Records from a data source
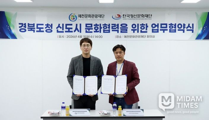 미담타임스 김준완 기자 | (재)한국정신문화재단과 (재)예천문화관광재단이 안동과 예천을 잇는 광역 연계 생활권 기반 문화협력의 물꼬를 텄다. 양 기관은 지난 15일 예천군문화회관에서 ‘경북도청 신도시 문화협력을 위한 업무협약(MOU)’을 체결하고, 공동 문화사업 추진을 위한 상호 협력 체계를 구축했다고 밝혔다.
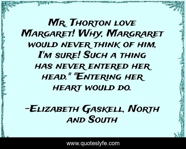 "Elizabeth Gaskell, North and South Quotes." Quoteslyfe.com, 2025. Sun. 07 Dec. 2025. <https://www.quoteslyfe.com/quote/Mr-Thorton-love-Margaret-Why-Margraret-would-171974>.
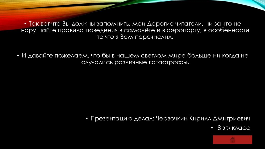 • Так вот что Вы должны запомнить, мои Дорогие читатели, ни за что ненарушайте правила поведения в самолёте и в аэропорту, в особенности
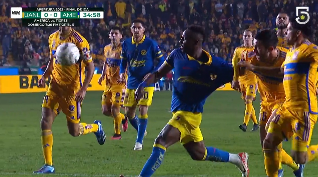 En la jugada sobre el seleccionado mexicano, las Águilas reclamaron un jalón por parte de Juan Pablo Vigón sobre su delantero, pero ni Marco Antonio Ortiz, ni el VAR, decidieron marcar la pena máxima.
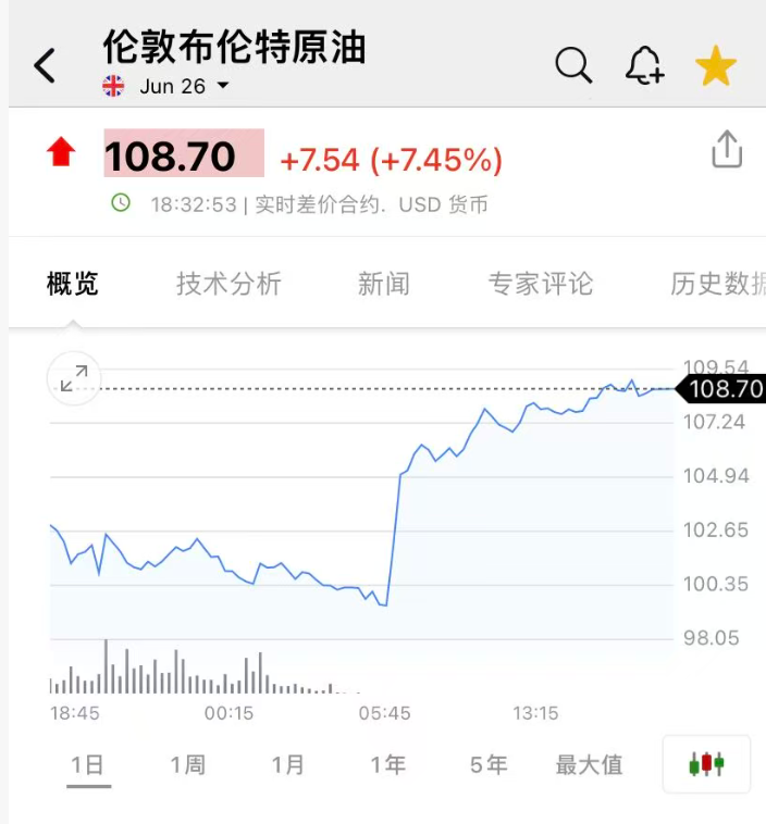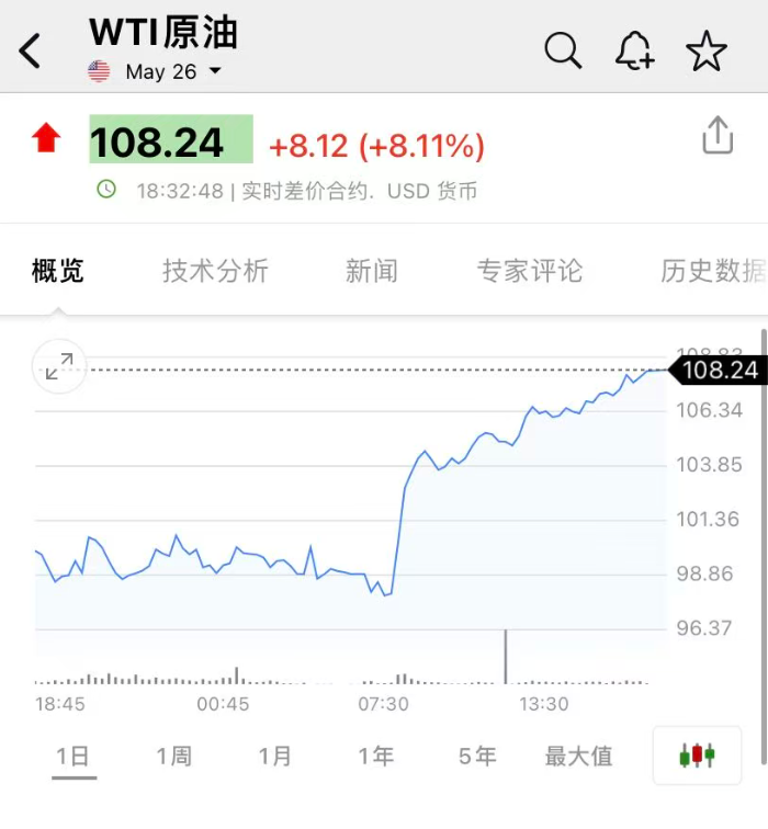 国际油价大幅拉升,美油涨8%,报108.12美元/桶;布油涨超7%,报108.7美元/桶。
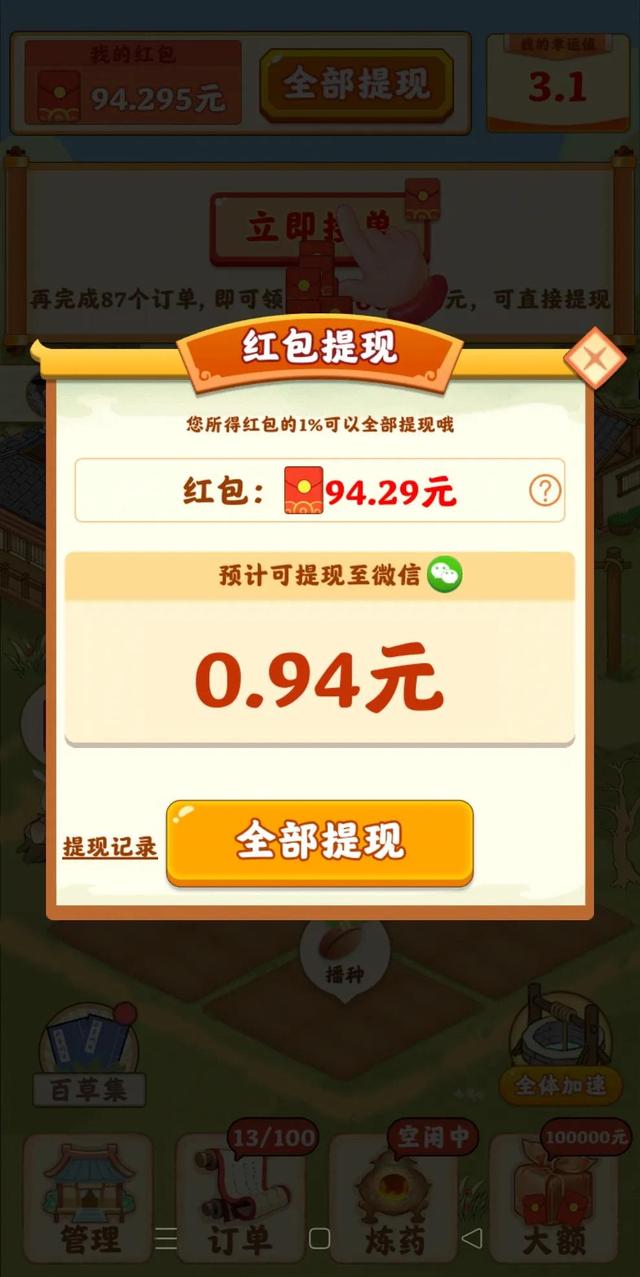 宣传的时候说的真好,有多少红包就能提现多少,没有套路,只有真诚。结果啪啪打脸,我昨天在百草园做了好多种菜的任务,存了300块钱红包
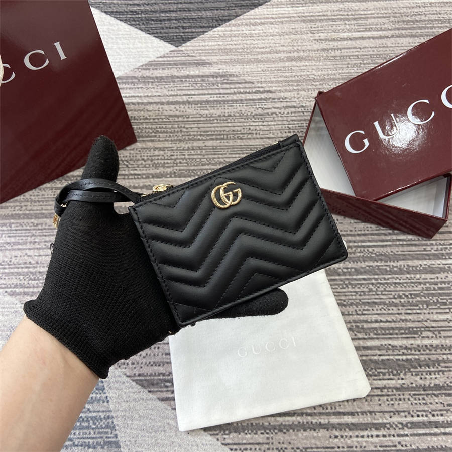 CCK【配全套专柜包装】这款GG Marmont系列钥匙包以黑色V型Matelassé牛皮革打造,内部配有一个钥匙钩扣。纤长的线条结合该系列的标志性双G造型配件,令人一眼心动。
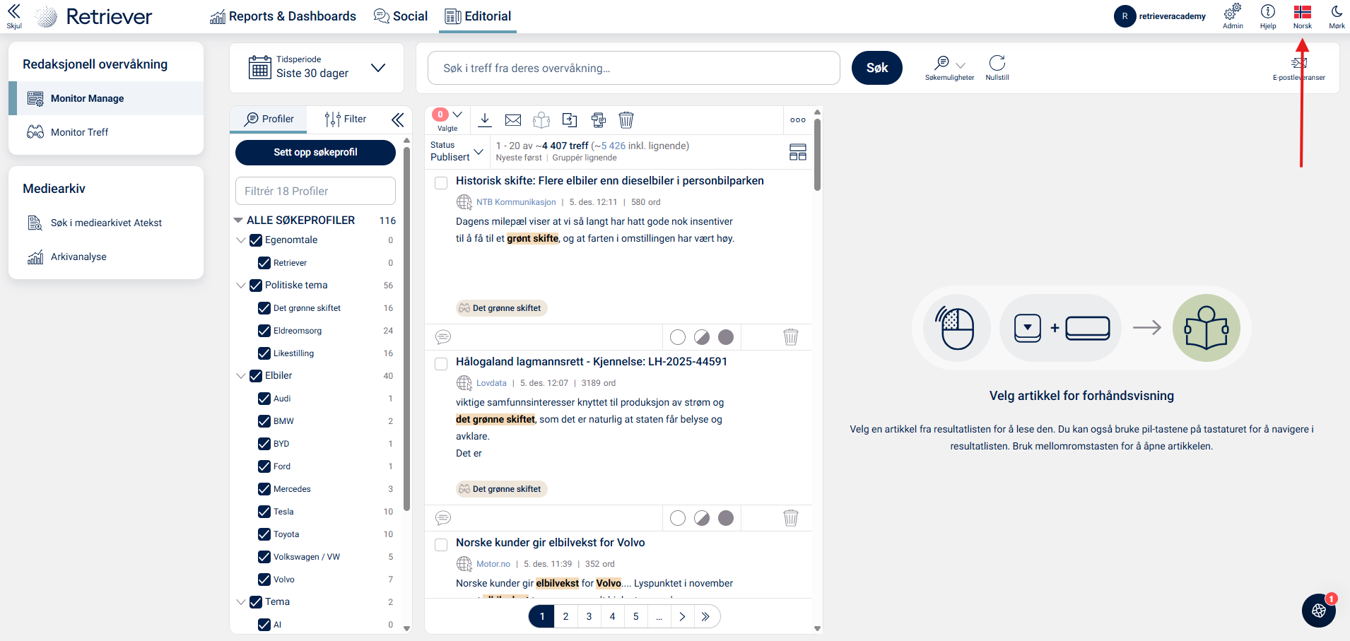 Hvordan endrer jeg språk i portalen? Du kan endre språk ved å klikke på flagget øverst i høyre hjørne:
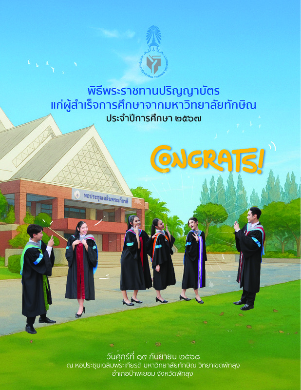 พิธีพระราชทานปริญญาบัตร มหาวิทยาลัยทักษิณ ประจำปีการศึกษา 2567 วันที่ 19 กันยายน พ.ศ. 2568
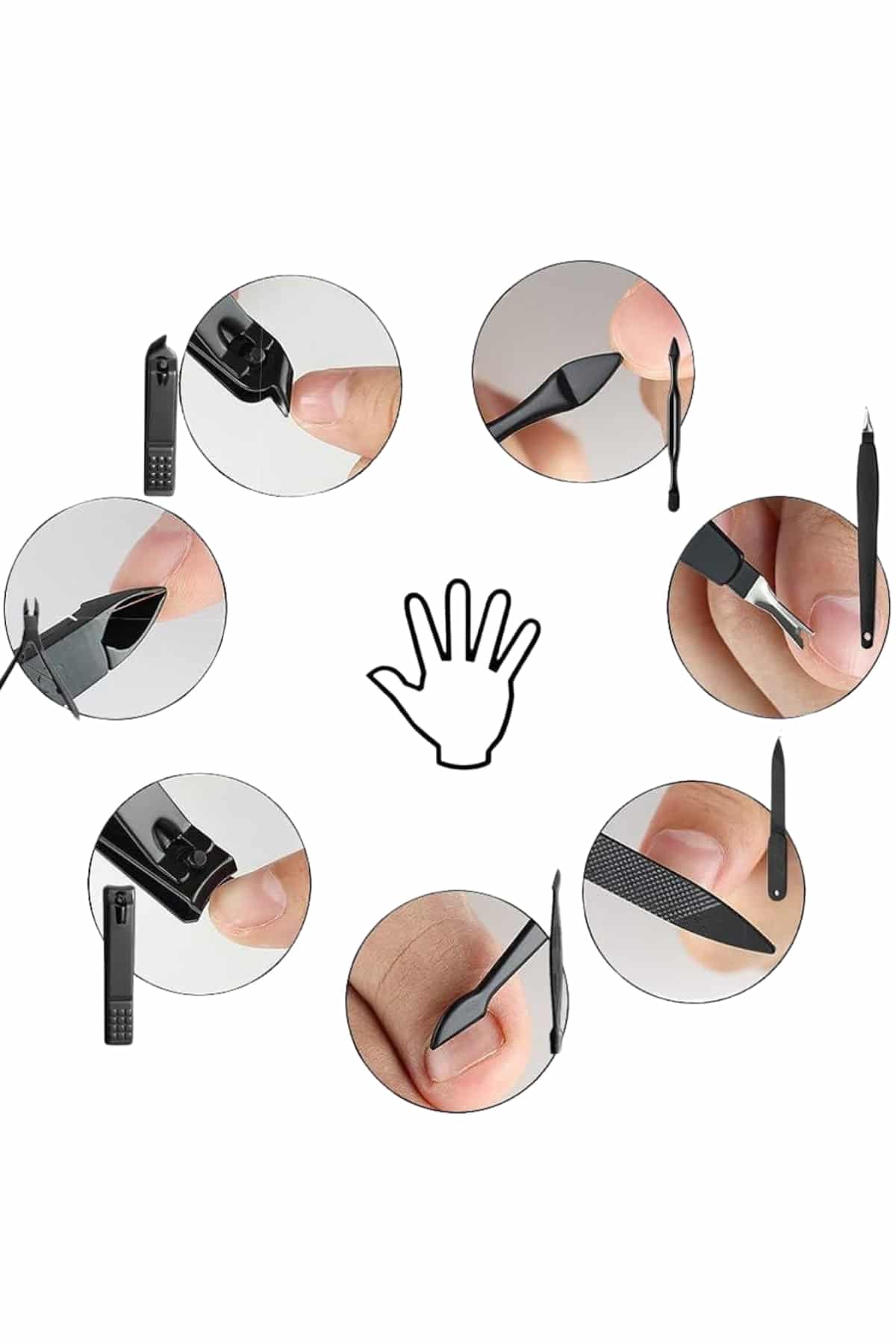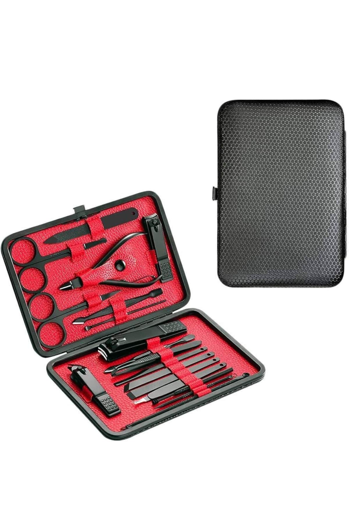 Profesyonel bakım deneyimini evinize taşıyan 17 parçalık bu özel manikür seti, el ve ayak bakımınızı zahmetsizce yapmanız için ihtiyacınız olan tüm araçları bir araya getiriyor. Paslanmaz çelikten üretilmiş parçaları sayesinde dayanıklı ve hijyenik bir kullanım sunan bu set, güvenli sterilizasyon sağlar, kolay temizlenir ve korozyona karşı dirençlidir. Yeni nesil siyah kaymaz parlatma teknolojisi ile geliştirilmiş keskin yapısı, kavramayı kolaylaştırarak daha rahat kullanım imkanı sunar. Şık deri kaplama kutusu, tek tuşla açılabilir ve tüm parçaların düzenli bir şekilde saklanmasını sağlar. Hafif ve taşınabilir tasarımıyla çantanızda rahatça taşıyabilir, seyahatlerde yanınızda bulundurabilirsiniz. Büyük, küçük ve sivri uçlu tırnak makasları, törpü, cımbız, pedikür bıçakları, tırnak kaldırma aparatı, kulak temizleme aparatı gibi birçok farklı aparat içeren bu set, hem günlük kullanım için ideal hem de mükemmel bir hediye seçeneğidir.
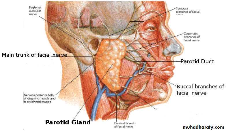 The parotid gland is the largest of three paired salivary glands. It composed mostly of serous acini. Although the facial nerve ( cn VII) is embedded within the parotid gland , the branches extending from the gland to innervate the muscles of facial expression are divides the gland into superficial and deep lobes.
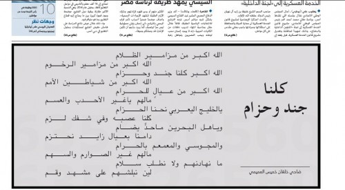 مرآة البحرين: أفردت صحيفة «الاتحاد» المملوكة إلى شركة أبوظبي للإعلام في أبوظبي والتي تعتبر من أول الصحف الصادرة في الإمارات والمعبرة عن حكومة إمارة أبوظبي، أفردت مساحة مهمة ضمن صفحتها الأولى اليوم الثلثاء لنشر قصيدة للشاعر الإماراتي ضاحي خلفان خميس العميمي تحت عنوان «الله أكبر من مزامير الظلام». القصيدة مليئة بالشتائم إلى أهل البحرين، حيث تصفهم بـأنهم «عيال الحرام» «وشياطين الأمم» «والمجوس» وأنه ليس «لهم غير الصوارم والسهم» وتسفيرهم إلى «مشهد وقم». فيما يلي نص القصيدة:
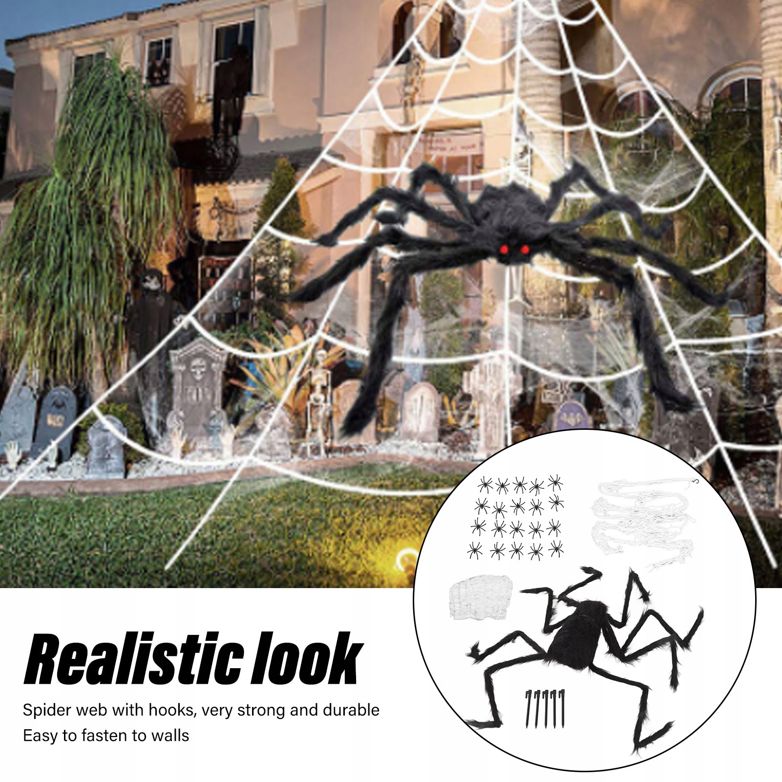 Функция: 1. Реалистичный вид: гигантские паутины для Хэллоуина сделаны из более толстых, более сильных и пушистых канатов, благодаря которой паутина выглядит реалистично. Черный паук с его ужасными красными глазами и меховыми взглядами и чувствует себя реальным.
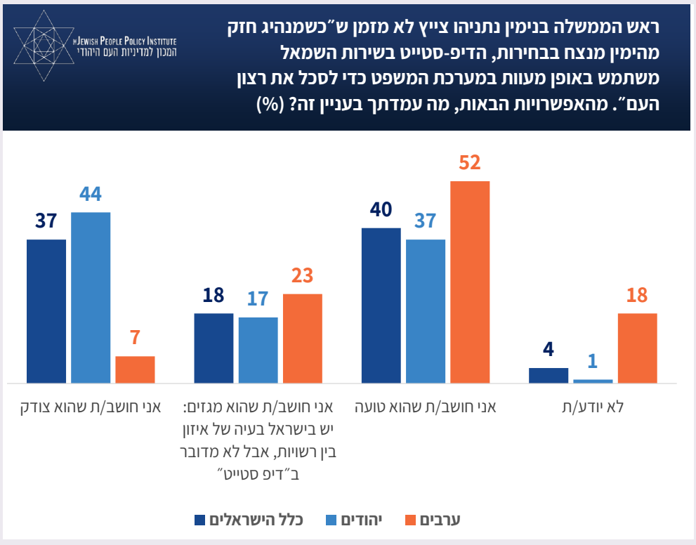 המונח ״דיפ סטייט״ משמש בחודשים האחרונים בשיח הישראלי לעיתים תכופות, כטענה של חלק מההנהגה הישראלית נגד ראשי המערכות הציבורית במדינה. לפני מספר שבועות ראש הממשלה פרסם ברשתות החברתיות את האמירה ״כשמנהיג חזק מהימין מנצח בבחירות, הדיפ-סטייט בשירות השמאל משתמש באופן מעוות במערכת המשפט כדי לסכל את רצון העם״. בסקר עשינו שימוש באמירה זו כדי לבחון האם ועד כמה הציבור מסכים עם מסגור דפוס ההתנהלות המדינתי כמצב של ״דיפ סטייט״ השולט למעשה במערכות ומנטרל את כוחם של נבחרי הציבור לממש את רצון הציבור.

Exercise objective :: Copy exactly, without pictures, the lines above from the one with "En la jugada" down to the one with "CCK【配全套专柜包装】这款", inclusive.

Written reply ::
 En la jugada sobre el seleccionado mexicano, las Águilas reclamaron un jalón por parte de Juan Pablo Vigón sobre su delantero, pero ni Marco Antonio Ortiz, ni el VAR, decidieron marcar la pena máxima.
 国际油价大幅拉升,美油涨8%,报108.12美元/桶;布油涨超7%,报108.7美元/桶。
 宣传的时候说的真好,有多少红包就能提现多少,没有套路,只有真诚。结果啪啪打脸,我昨天在百草园做了好多种菜的任务,存了300块钱红包
 CCK【配全套专柜包装】这款GG Marmont系列钥匙包以黑色V型Matelassé牛皮革打造,内部配有一个钥匙钩扣。纤长的线条结合该系列的标志性双G造型配件,令人一眼心动。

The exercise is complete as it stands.